Before or concurrently with the indorsement of the notes by the payee, Emmet P. Houston placed his name on the back of the notes, and this made him liable as maker or indorser. We think the better opinion is that his liability was that of an indorser. Vore v. Hurst, 13 Ind. 551. The notes were dishonored, and protested for non-payment, and due notice given, as well to Emmet P. Houston as to the plaintiff
The bank, having a complete right of action against the indorsers as well as the maker, was authorized by statute to bring a joint action against all. 1 G. & H. 451, sec. 16; 2 G. & H. 50, sec. 20.

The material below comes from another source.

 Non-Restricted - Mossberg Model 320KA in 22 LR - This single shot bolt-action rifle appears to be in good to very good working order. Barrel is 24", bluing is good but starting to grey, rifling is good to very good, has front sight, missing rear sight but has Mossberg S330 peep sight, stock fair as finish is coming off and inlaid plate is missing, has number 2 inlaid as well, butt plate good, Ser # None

But the defendants in the original action had the right, as between themselves, to make up and try an issue as to whether some were principals and others sureties, but these proceedings, it is expressly provided, shall not affect the proceedings of the plaintiff. 2 G. & H. 308, sec. 674. This statute is as applicable to cases' arising on bills of exchange and promissory notes, as those arising upon other contracts; and while parol evidence cannot be admitted to change the legal effect of the instrument according to its tenor and the relations of the parties to it, so as to affect thereby the rights of the holder, yet such evidence is admissible, as between the parties bound by the instrument, to show the real facts, and that their relations, as between themselves, are different from what they appear to be on the face of the paper. Lacy v. Lofton, 26 Ind. 324.

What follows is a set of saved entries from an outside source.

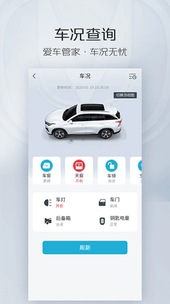 支持手机APP对车辆进行远程控制:如解闭锁、开闭天窗、开关空调、闪灯鸣笛寻车等。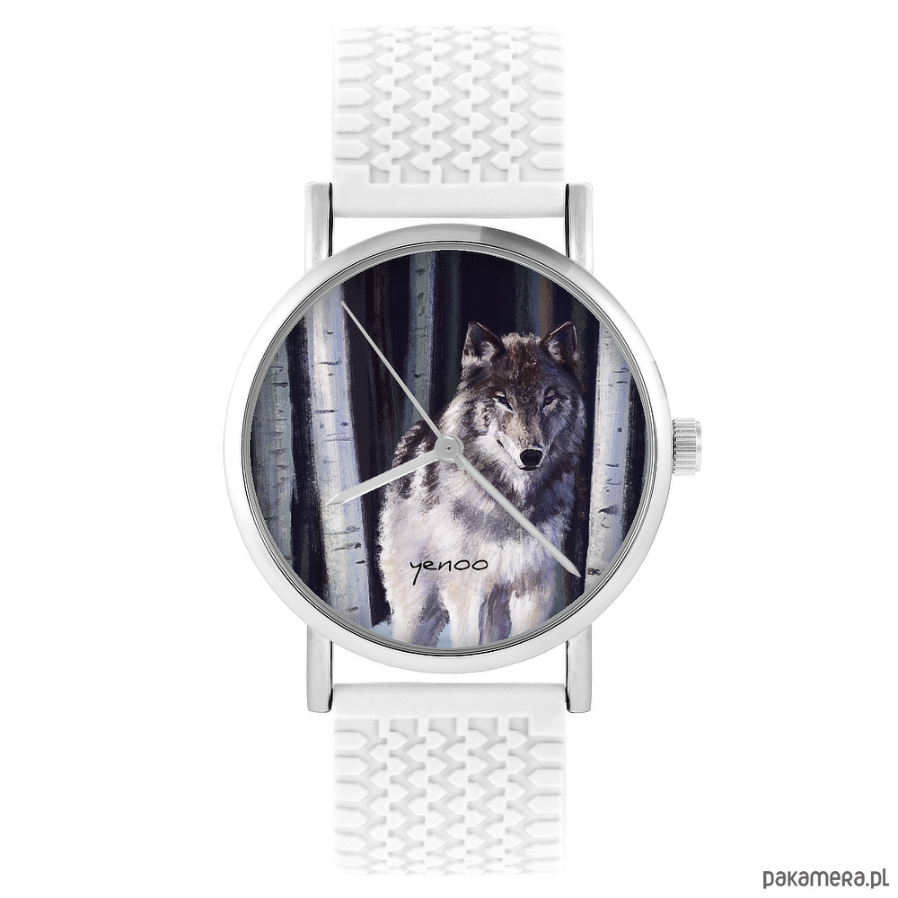 Zegarek - Szary wilk - silikonowy, biały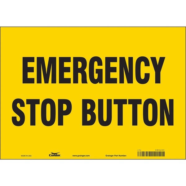 SAFETY SIGN FIRE AND EMERGENCY, Horizontal Rectangle, Number of Printed Sides 1, English, Sign Legend Emergency Stop Button, Sign Legend Background Color Yellow, Sign Legend Style Text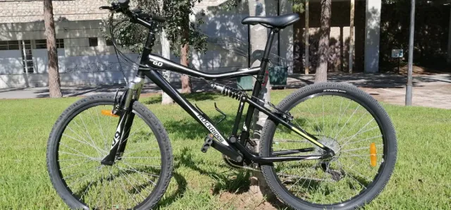 Bicicleta ROCKRIDER 6.0 Talla L de aluminio 21 velocidades, doble suspensión con juego de luces led recargables, ruedas 26 pulgadas en buen estado (la trasera se cambió hace 6 meses).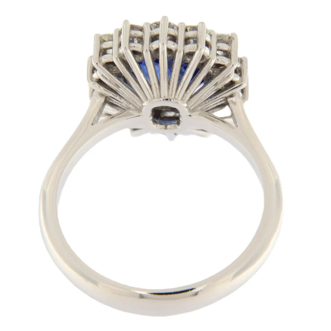 Guidetti | Anello in oro bianco con zaffiro 2,54 ct e contorno di diamanti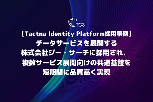 必要なスキルを必要な時間活用する、成長著しいギグエコノミーを活用したデジタルサービス開発を提供するTC3株式会社(以下、TC3、本社:東京都千代田区、代表取締役:須藤 義人)は、複数のデータサービスを展開する株式会社ジー・サーチ(以下、ジー・サーチ、本社:神奈川県川崎市幸区大宮町1番地5)に、TC3が提供するカスタマーエンゲージメントハブ、「Tactna Identity Platform」(タクトナ アイデンティティ プラットフォーム 以下、Tactna)が採用・導入されたことを発表します。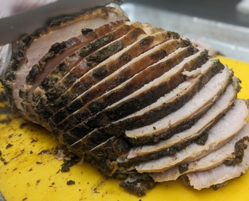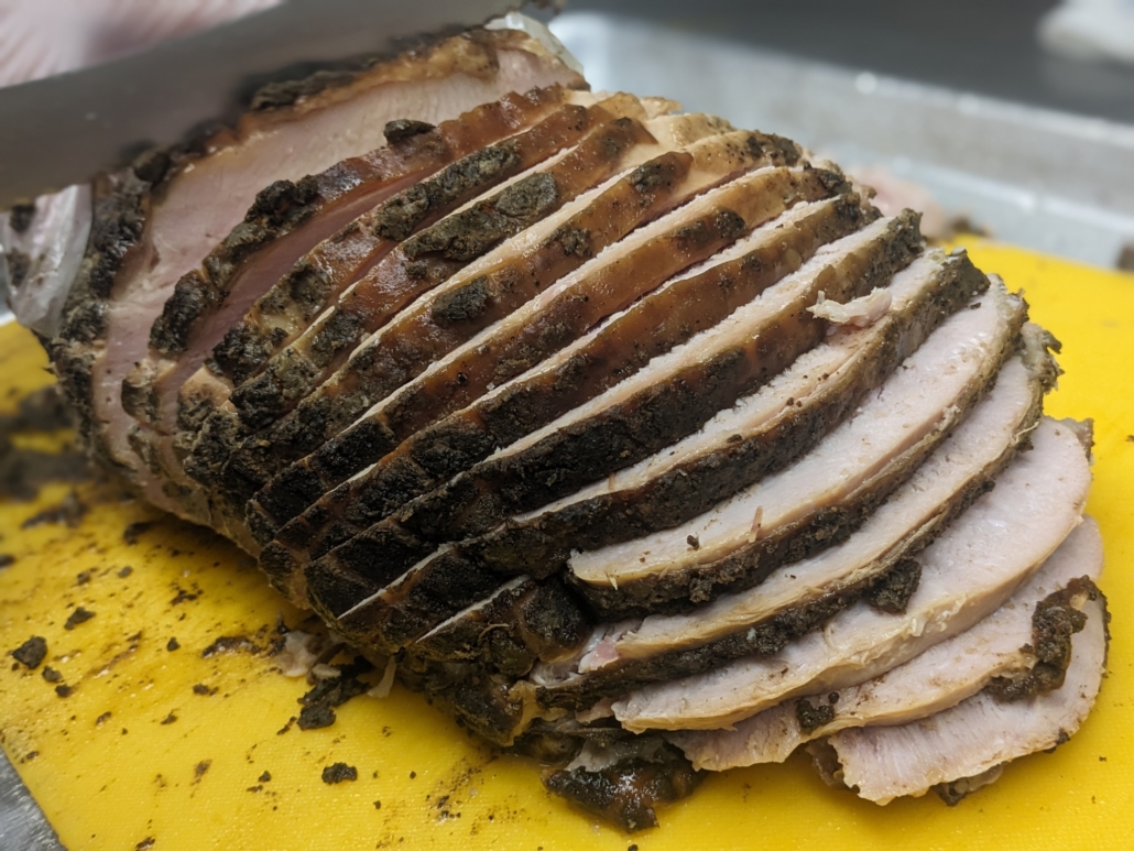 SLOW SMOKED TURKEY BREAST-These super juicy, smokey, healthy breasts have become an Extremely Popular Item every single Friday. Usually sells out by 2pm because of its growing popularity…..and is a MASSIVELY popular item come Thanksgiving time. They run about 8lbs (we do not control the sizes…..so no size queens pick up day!!!) final after smoking weight. We only sell them WHOLE…….so none of this “I’ll take 3 pounds of turkey” crap….Ha.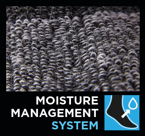 Allows the transfer of moisture away from the surface of the skin to keep feet warm, dry and comfortable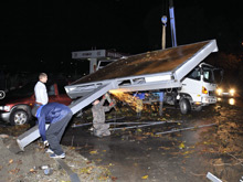 "Ураганный ветер пронесся по городу, оставив после себя многочисленные следы, десятки поваленных деревьев и разбитые машины. У роддома снесло крышу", - сообщается на сайте администрации Сочи.
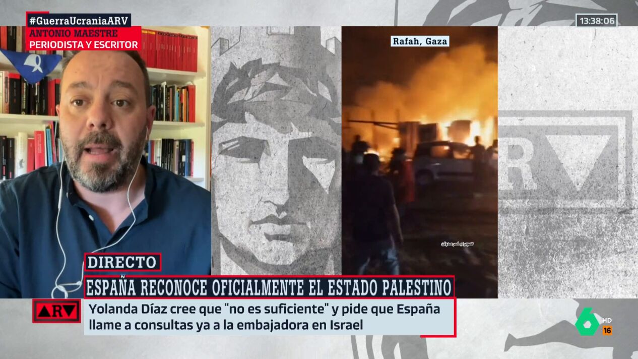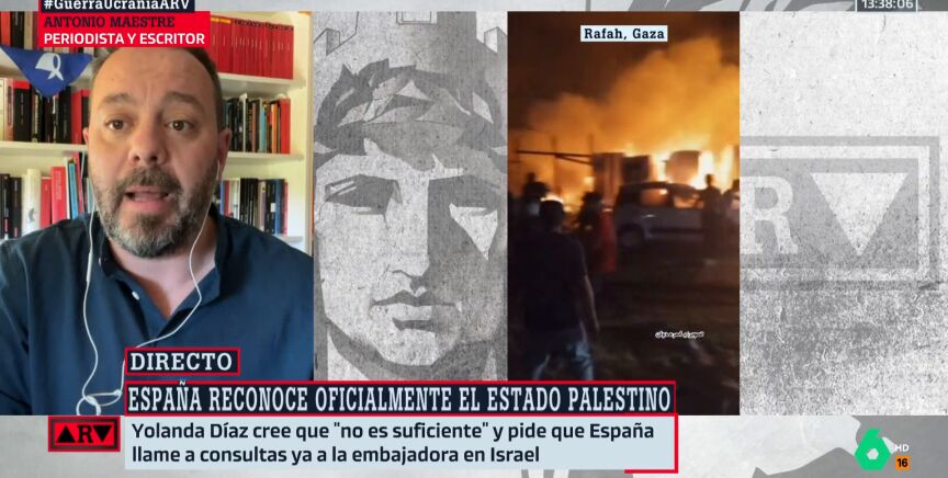 El periodista y escritor Antonio Maestrecelebra el reconocimiento por parte de España del Estado palestino: "España siempre ha creído en la solución de los dos estados, por lo que reconocer al estado de Palestina es un paso obvio y lógico. Es evidente y además una reivindicación histórica por parte de la izquierda", afirma en Al Rojo Vivo.

Such issue was made up and tried in the cause in which a new trial is sought; and the question is fairly presented whether the plaintiff herein, on the showing he has made in his complaint, is entitled to a new trial of that issue. He has set out the evidence given on the trial of that issue, and we may remark, although we have not had the benefit of hearing the witnesses testify and observing their manner, that the evidence on paper preponderates against the finding below. It seems to us that the newly-discovered evidence would most likely produce a finding or verdict the other way. It seems to us also that due diligence is sufficiently alleged to discover the evidence, and that the plaintiff herein is not in default in that respect.

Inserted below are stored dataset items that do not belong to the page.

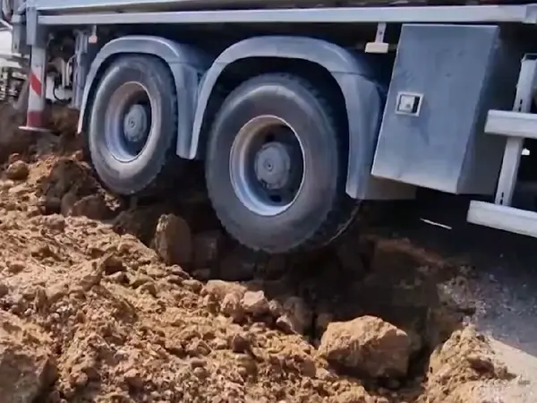 Όπως φαίνεται στο βίντεο που δημοσίευσε το Mega, η άσφαλτος υποχώρησε με συνέπεια το μεγάλο όχημα να πέσει και να κολλήσει στο άνοιγμα.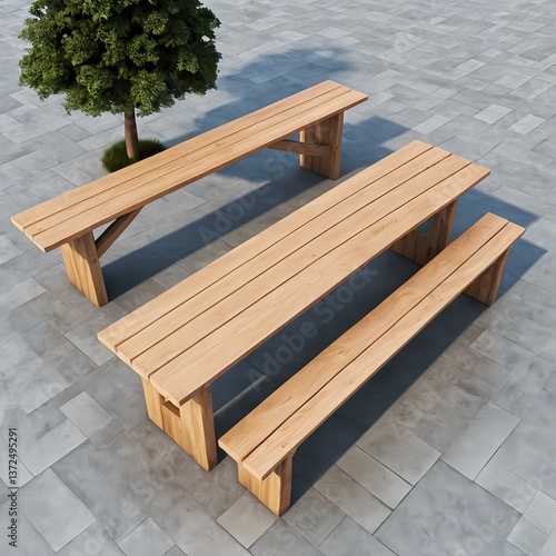 Fototapeta premium Modern Wooden Outdoor Picnic Table and Benches Set on Patio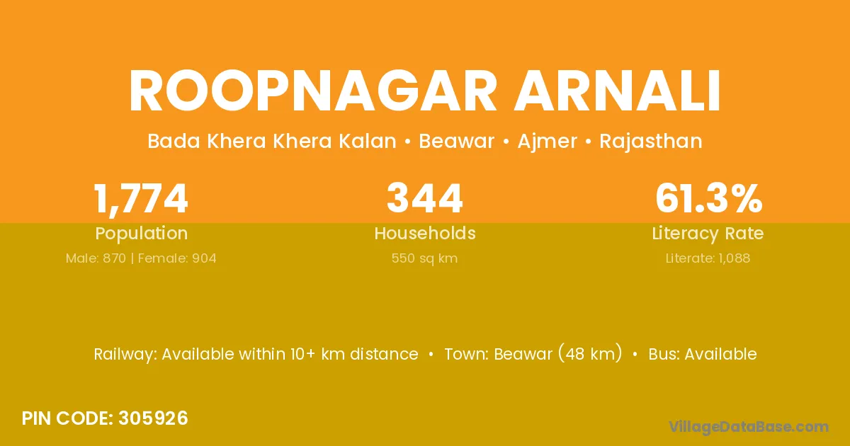 Beawar (48 km) is the nearest town to Roopnagar Arnali village for major economic activities and is located approximately 48 km away.

The newly-discovered evidence is not liable to the objection that it is cumulative merely. “ Cumulative evidence is evidence of the same kind, to the same point. Thus, if a fact is attempted to be proved by the verbal admission of the party, evidence of another verbal admission of the same fact is cumulative; but evidence of other circumstances, tending to establish the fact, is not.” 1 Greenl. Ev., sec. 2; Humphries v. The Administrators of Marshall, 12 Ind. 609. Tested by this rule it is apparent that the newly-discovered evidence was not merely cumulative. It went to the same point, but was different in kind.
We are of opinion that, on the facts alleged, the plaintiff herein was entitled to a new trial of the issues on the subject of suretyship, and that the demurrer of Bruner should have been overruled. It follows that the judgment will have to be reversed.
This ruling, however, will not affect the plaintiff-in the original judgment, who can proceed in the collection thereof; and*the defendants in the original action can proceed, as they may be advised, to settle their respective rights as between themselves.
The judgment below is reversed, at the costs of the appellee Bruner, and the court below directed to proceed in accordance with this opinion.